▶ TASK INSTRUCTIONS
Count each line below that has the word "Street" in it, and give only the total.
++++ PROVIDED RECORDS ++++
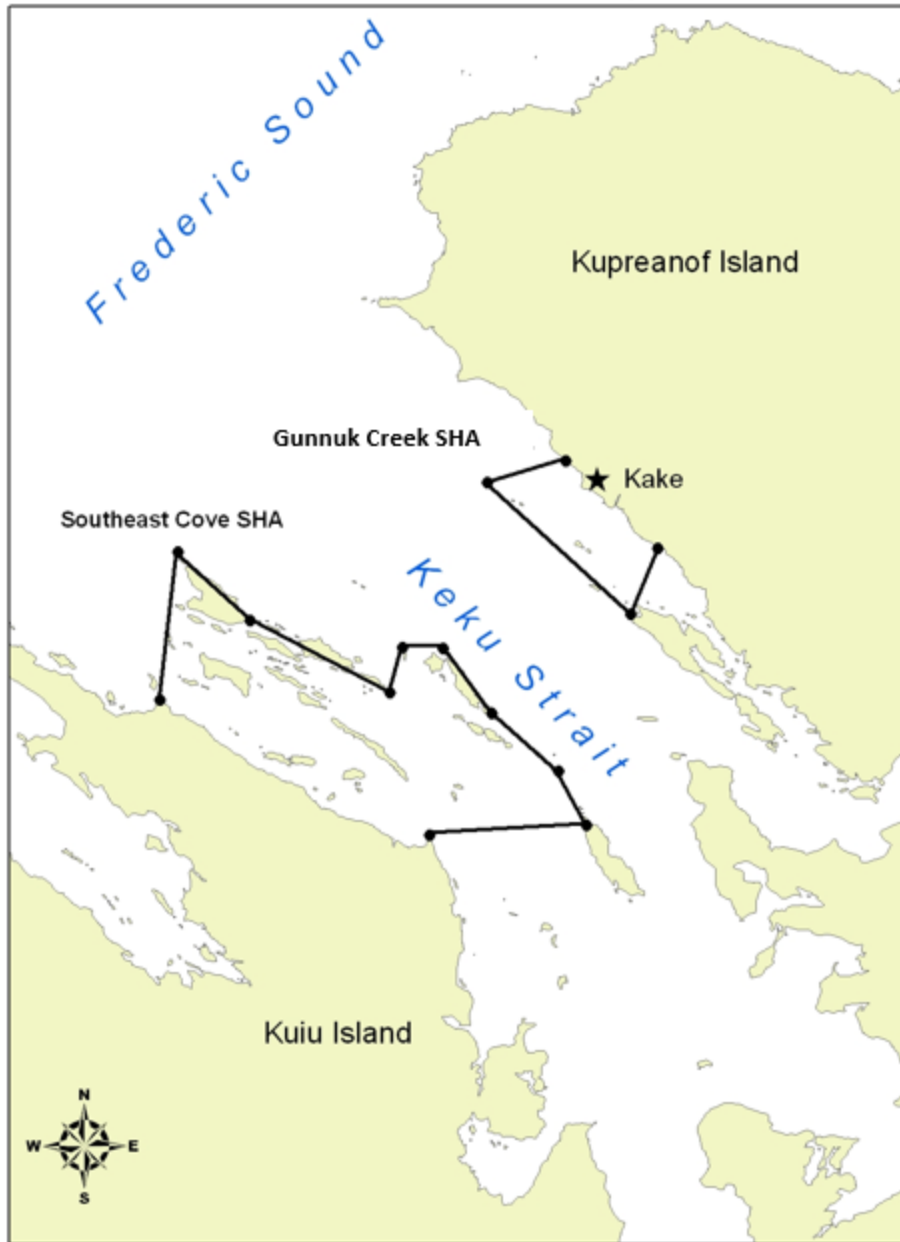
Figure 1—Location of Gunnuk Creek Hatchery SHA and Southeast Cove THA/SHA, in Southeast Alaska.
++++
++++ PROVIDED RECORDS ++++
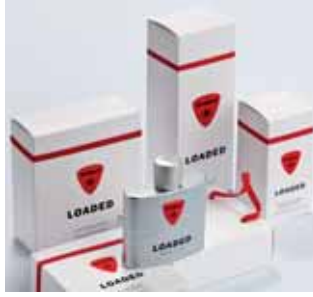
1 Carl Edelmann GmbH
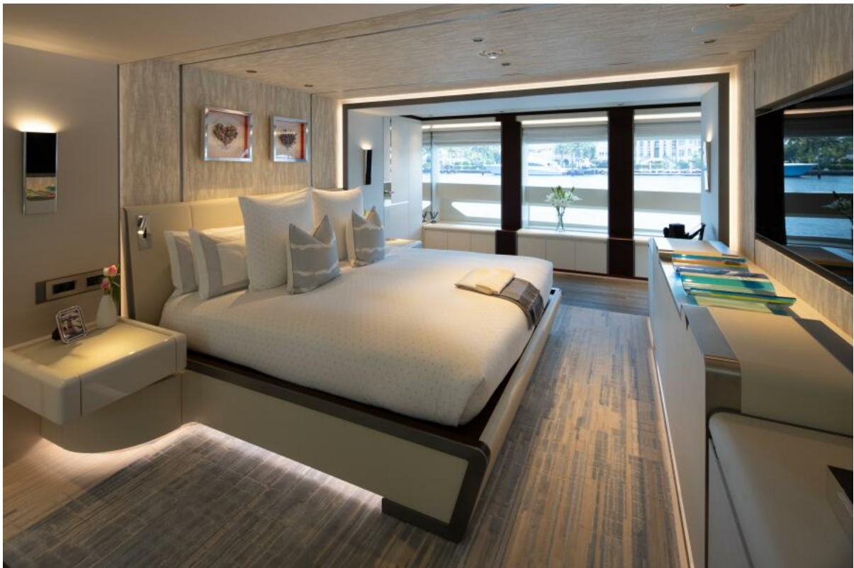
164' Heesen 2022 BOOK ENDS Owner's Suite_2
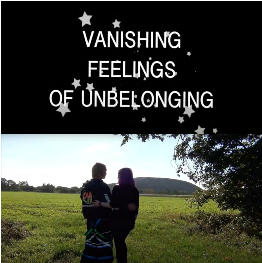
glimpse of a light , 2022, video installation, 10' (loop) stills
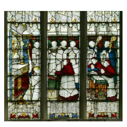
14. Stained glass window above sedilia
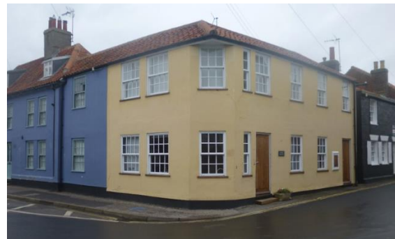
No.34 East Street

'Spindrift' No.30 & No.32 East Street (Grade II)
++++
▶ ANSWER AREA
2